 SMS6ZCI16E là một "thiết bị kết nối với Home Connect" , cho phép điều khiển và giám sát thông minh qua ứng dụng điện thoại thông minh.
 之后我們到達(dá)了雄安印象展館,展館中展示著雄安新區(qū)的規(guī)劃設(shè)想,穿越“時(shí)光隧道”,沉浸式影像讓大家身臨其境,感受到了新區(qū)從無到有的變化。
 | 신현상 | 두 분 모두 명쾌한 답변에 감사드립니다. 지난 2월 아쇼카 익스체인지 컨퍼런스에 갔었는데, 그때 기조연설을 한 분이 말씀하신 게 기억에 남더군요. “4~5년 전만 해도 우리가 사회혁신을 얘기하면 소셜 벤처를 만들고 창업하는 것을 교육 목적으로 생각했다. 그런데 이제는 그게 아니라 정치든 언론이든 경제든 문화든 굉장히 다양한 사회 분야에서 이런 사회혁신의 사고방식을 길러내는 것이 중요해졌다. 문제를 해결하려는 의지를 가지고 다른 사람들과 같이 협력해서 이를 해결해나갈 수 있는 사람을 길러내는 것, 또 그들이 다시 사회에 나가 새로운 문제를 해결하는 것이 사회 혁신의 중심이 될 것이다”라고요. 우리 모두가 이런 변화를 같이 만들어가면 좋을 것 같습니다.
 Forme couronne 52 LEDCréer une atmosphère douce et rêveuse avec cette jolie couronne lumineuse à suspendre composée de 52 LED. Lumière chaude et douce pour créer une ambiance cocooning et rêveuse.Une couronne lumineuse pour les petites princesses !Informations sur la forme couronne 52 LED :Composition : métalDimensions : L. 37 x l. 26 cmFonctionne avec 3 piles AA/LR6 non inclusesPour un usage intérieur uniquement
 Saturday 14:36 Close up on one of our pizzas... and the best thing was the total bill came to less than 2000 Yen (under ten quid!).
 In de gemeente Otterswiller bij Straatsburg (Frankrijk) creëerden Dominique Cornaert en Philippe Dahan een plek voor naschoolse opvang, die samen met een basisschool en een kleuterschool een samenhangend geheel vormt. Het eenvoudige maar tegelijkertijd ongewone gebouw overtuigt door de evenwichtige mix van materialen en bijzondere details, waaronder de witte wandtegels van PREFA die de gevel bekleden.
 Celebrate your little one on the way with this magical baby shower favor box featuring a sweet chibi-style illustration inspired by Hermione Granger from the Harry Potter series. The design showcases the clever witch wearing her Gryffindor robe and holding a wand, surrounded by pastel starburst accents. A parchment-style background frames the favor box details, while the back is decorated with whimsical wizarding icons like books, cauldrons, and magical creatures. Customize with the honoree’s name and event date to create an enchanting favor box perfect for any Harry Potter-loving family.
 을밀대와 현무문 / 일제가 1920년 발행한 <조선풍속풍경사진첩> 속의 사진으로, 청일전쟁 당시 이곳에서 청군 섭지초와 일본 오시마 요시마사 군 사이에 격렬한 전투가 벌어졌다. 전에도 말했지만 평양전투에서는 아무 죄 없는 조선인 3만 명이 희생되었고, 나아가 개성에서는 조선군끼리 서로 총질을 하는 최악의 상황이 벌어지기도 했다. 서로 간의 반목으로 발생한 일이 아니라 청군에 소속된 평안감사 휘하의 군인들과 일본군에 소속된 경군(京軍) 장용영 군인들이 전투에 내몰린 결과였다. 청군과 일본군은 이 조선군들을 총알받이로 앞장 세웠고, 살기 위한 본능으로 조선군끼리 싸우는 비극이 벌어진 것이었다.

--------------------------------

• TASK:
The lines to retype, exactly and only, run from the first line of the material through the line with "만들어가면 좋을 것 같습니다.".

• SOLUTION TO THE EXERCISE:
 SMS6ZCI16E là một "thiết bị kết nối với Home Connect" , cho phép điều khiển và giám sát thông minh qua ứng dụng điện thoại thông minh.
 之后我們到達(dá)了雄安印象展館,展館中展示著雄安新區(qū)的規(guī)劃設(shè)想,穿越“時(shí)光隧道”,沉浸式影像讓大家身臨其境,感受到了新區(qū)從無到有的變化。
 | 신현상 | 두 분 모두 명쾌한 답변에 감사드립니다. 지난 2월 아쇼카 익스체인지 컨퍼런스에 갔었는데, 그때 기조연설을 한 분이 말씀하신 게 기억에 남더군요. “4~5년 전만 해도 우리가 사회혁신을 얘기하면 소셜 벤처를 만들고 창업하는 것을 교육 목적으로 생각했다. 그런데 이제는 그게 아니라 정치든 언론이든 경제든 문화든 굉장히 다양한 사회 분야에서 이런 사회혁신의 사고방식을 길러내는 것이 중요해졌다. 문제를 해결하려는 의지를 가지고 다른 사람들과 같이 협력해서 이를 해결해나갈 수 있는 사람을 길러내는 것, 또 그들이 다시 사회에 나가 새로운 문제를 해결하는 것이 사회 혁신의 중심이 될 것이다”라고요. 우리 모두가 이런 변화를 같이 만들어가면 좋을 것 같습니다.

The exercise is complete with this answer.